Hello, dear friend, you can consult us at any time if you have any questions, add WeChat: THEend8_
Intelligence
Project: Investigating
Reinforcement Learning
Overview
Within SIT215 you have been learning about a range of problems that can be solved using techniques from
artificial and computational intelligence. This study has included coverage of both models and algorithms
suitable for AI and CI solutions. A particular limitation of all of the solutions that we have considered is that
they are designed by hand, or rely on the problem being formulated as an optimisation task.

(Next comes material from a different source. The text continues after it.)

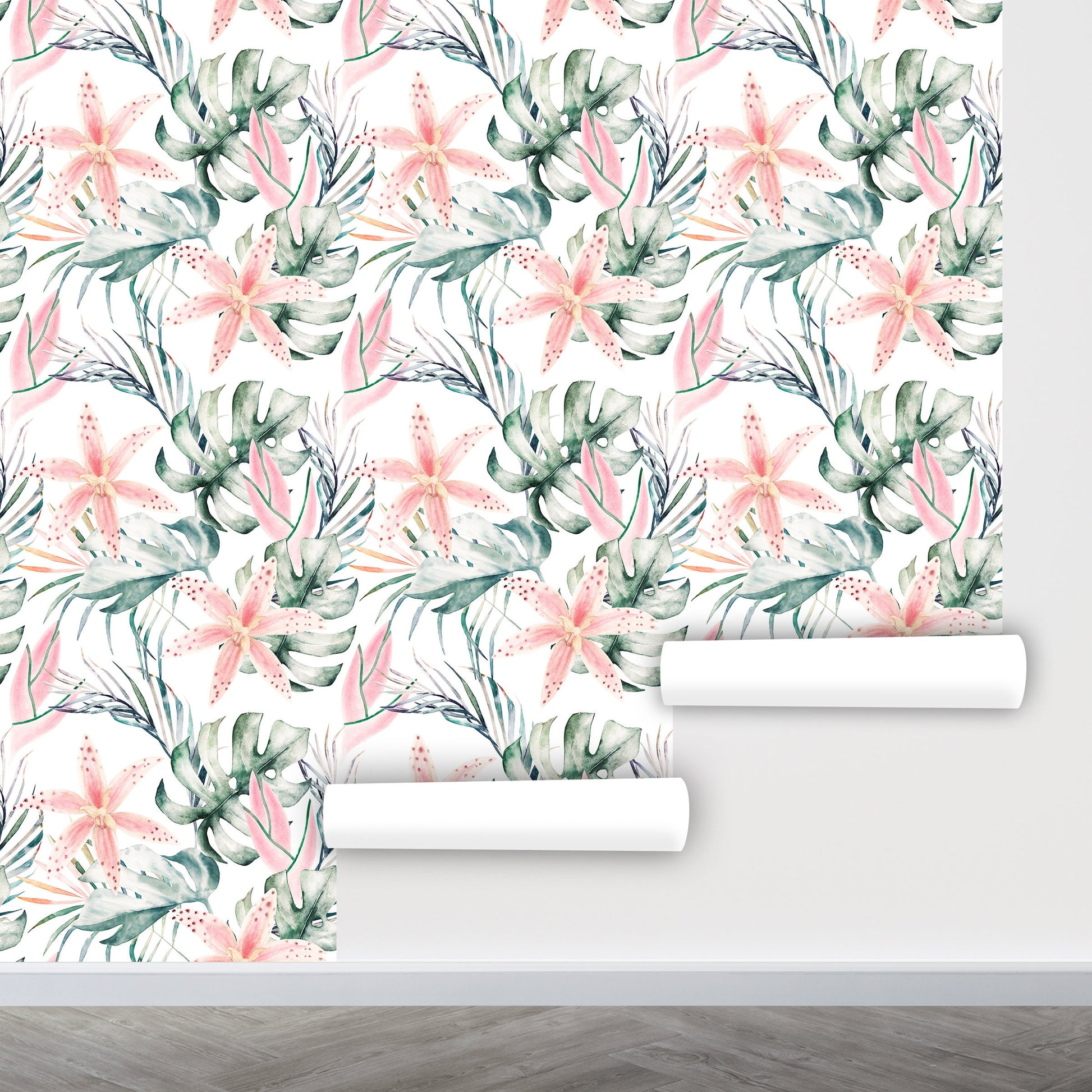 Soft Palm Wallpaper Peel and Stick, Watercolor Wallpaper, Blush Flowers Wallpaper, Tropical Wallpaper, Removable Wall Paper

In this project you are going to explore an advanced technique for solving many interesting and challenging
real world problems. One in which an agent learns a solution to a problem through interaction with the
environment, and through perception of a reinforcement, or feedback signal. This field is called, naturally,
reinforcement learning (RL). RL can also be seen as an online method for solving Markov Decision Problems
– as opposed to the offline methods of policy iteration, value iteration or dynamic programming, presented in
lectures (in week 9 & 10).
This project will require you to undertake self-directed study and learning of RL solution methods, building
upon topics and content covered in the first 10 weeks of this course. While this might seem daunting (not
being told how to solve the problem), you’ve been practicing this approach throughout the unit in the groupbased
PBL tasks, and so this is your chance to demonstrate individually what you’ve learned about problem
solving methodology.
Learning Objectives
This project addresses ULO2 and ULO3 for this unit:
? Design and implement software artefacts to demonstrate effectiveness and efficiency of solutions for
intelligent systems development
? Apply theoretical concepts and models to explain and communicate the design of intelligent systems
Specifically, these are addressed through achievement of the following task-specific learning objectives:
? Demonstrate ability to work with and extend software systems and frameworks for RL
? Describe and model RL problems using specific concepts and models
? Implement, evaluate and analyse the performance of different solutions on a range of RL problems
? Effectively communicate the process and outcomes of your research and development project
Preparatory Learning Activities
In order to complete this assessment task you will need to have first developed an understanding of a range
of topics covered in this unit in weeks 1 to 10. Given the assessment deadline, this may require you to
complete independent study of these topics prior to their presentation in lectures. The topics that you will
need to be familiar with are:
? Bayesian AI (working with probabilistic representations of uncertainty)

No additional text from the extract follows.